Sonntagssachen 2 & 3/2021

Sonntag vor 2 Wochen

Croissants gebacken. Haare gefärbt. Laub zusammen gekehrt. Den Wintergarten aka Anzuchtstation bereit gemacht. Eine Kübelinventur durchgeführt. Die Mottenlöcher im Gartenpulli sichtbar zu stopfen begonnen.

Sonntag letzte Woche

Frühstück. Yoga. Laub immernoch überall . Zartes Grün (Pflücksalat im kalten Wintergarten). Vorgelesen. Visible Mending am Gartenpullover beendet.

Sonntagssachen 1/21

Croissants gebacken. Und Schoko-Salty-Peanut-Cookies. Eine Runde Blokus gespielt. Eine sonnige Wanderung gemacht und dabei ziemlich viel Wasser getroffen, neben und auf den Wegen. Pandemiestillleben. Pizza. Stricken und Lupin gucken.

Sonntagssachen 19/2020

Monothematisch.

Mühsam in die Gänge gekommen mit Kaffee, Croissant und Saft. Erstmal den überlaufenden Stoffschnipselmüll der Vortage geleert. Virtuell gemeinsam genäht. Schönes Rockfutter gemacht (und auch den Rest des Rockes). Blödes Schnittmusterausschneiden ist doch auch viel schöner mit Freundinnen. Und Handnähte sowieso. Wochenendabschluss mit Grießbrei.

Sonntagssachen 17/2020

Brötchen UND Croissants gebacken. Maus geguckt. Yoga gemacht. Die Kinder zur Beseitigung von Chaosbergen motiviert (leidlich erfolgreich). Mir selbst die Haare geschnitten. Dem Mann beim Musizieren zugehört. Kaffee und Strickzeug in der Sonne. Pita Taschen gebacken (ja, möglicherweise artet es etwas aus hier). Kinder gebadet.

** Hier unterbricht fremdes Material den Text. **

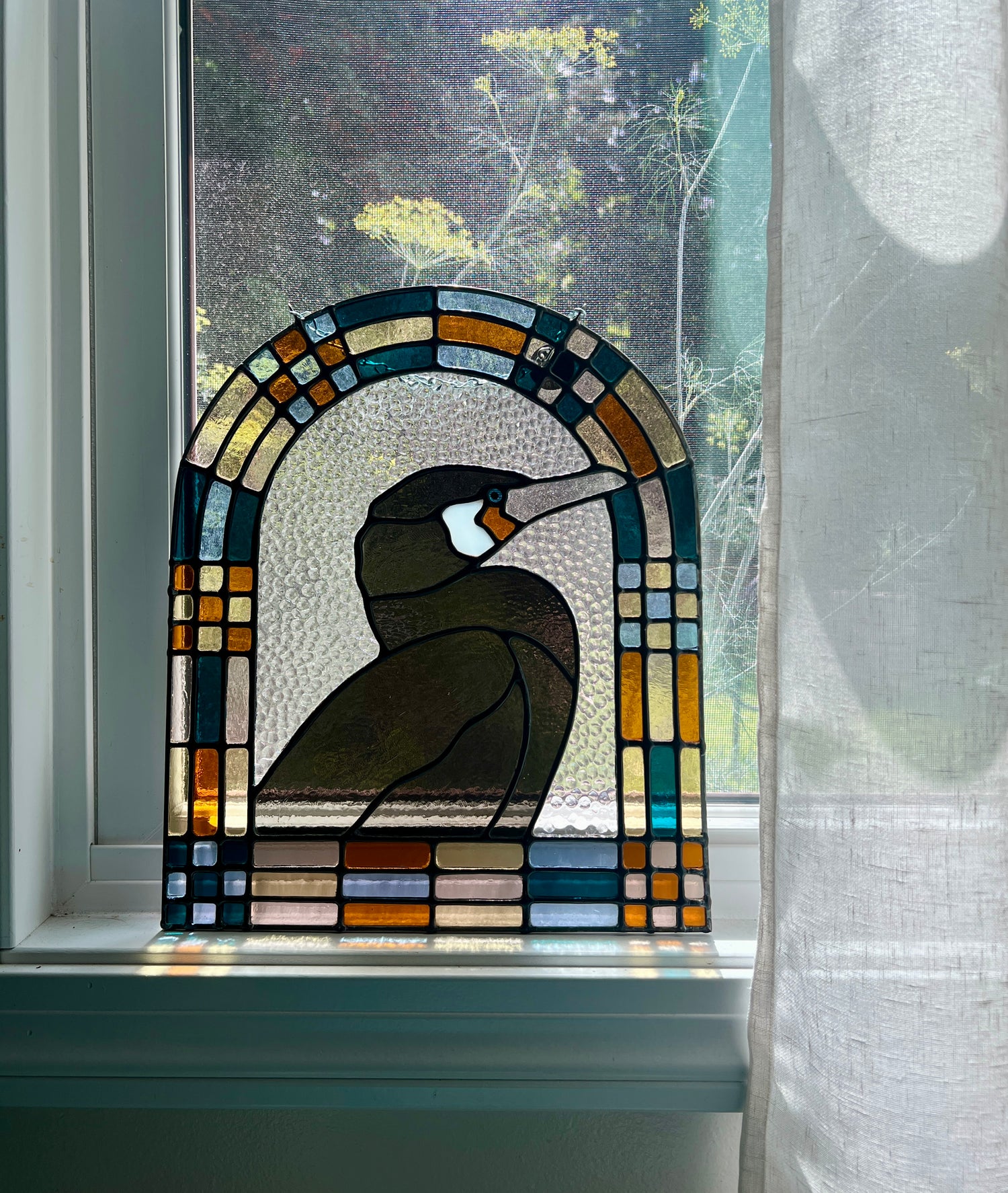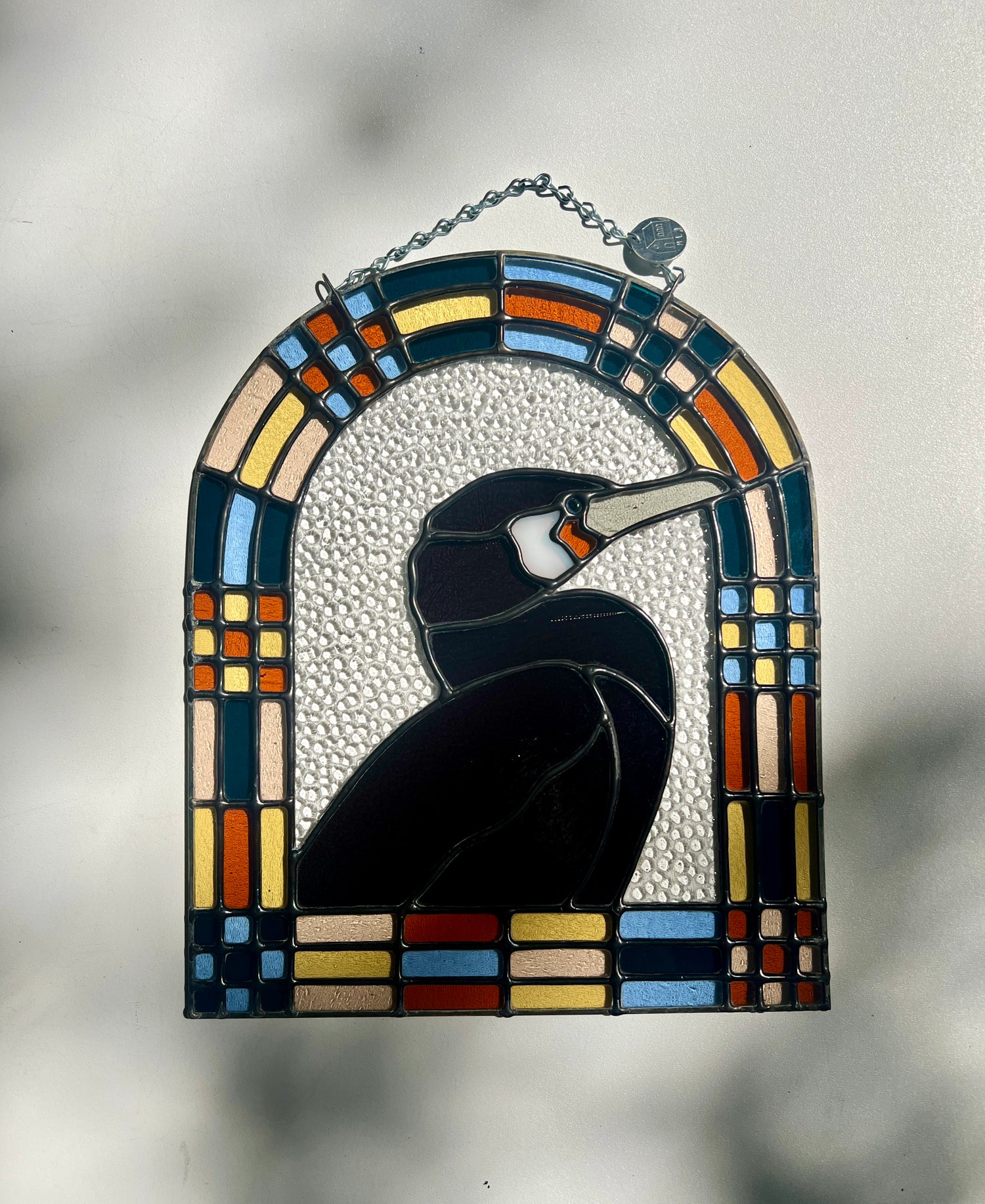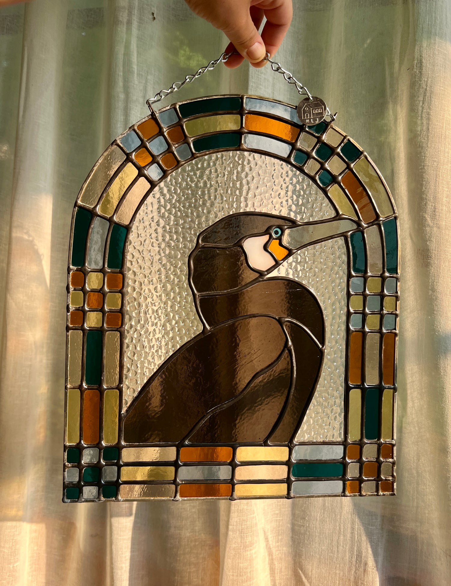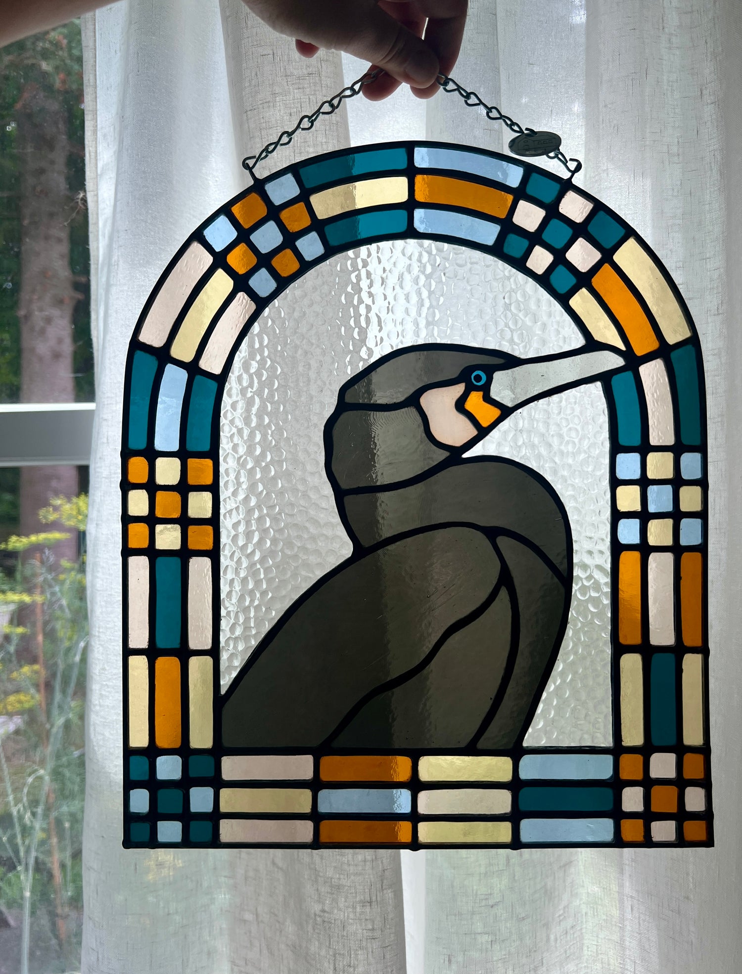 stained glass / lead tin solder / zinc came / black patina / zinc chain / paint detail

Hervorragender Sonntag. Kein Streit, Sonne, Garten, gutes Essen und Yoga. Die Wahlergebnisse ignorieren wir mal geflissentlich.

Augustsachen

Ich habe in den letzten 6 Wochen jeden Sonntag Fotos gemacht und bin jede Woche nicht dazu gekommen, sie mit kurzem Text zu posten. Ja so sieht das hier aus. Das Auf-Sicht-Fahren in Sachen Pandemie schlaucht mich erheblich. Auch die Kinder sind seltsam aus der Spur, insbesondere nachts. Hinzu kommt eine wenn auch nicht existenzielle, doch irgendwie auch ermüdende Unsicherheit im Beruflichen. Und dazu das dies und das des Alltags und Zack hänge ich nachmittags und abends ermattet auf dem Sofa oder inmitten des Kinderchaos und schlafe nachts schlecht. Deshalb gibt es hier nun Augustsonntage im Schnelldurchlauf.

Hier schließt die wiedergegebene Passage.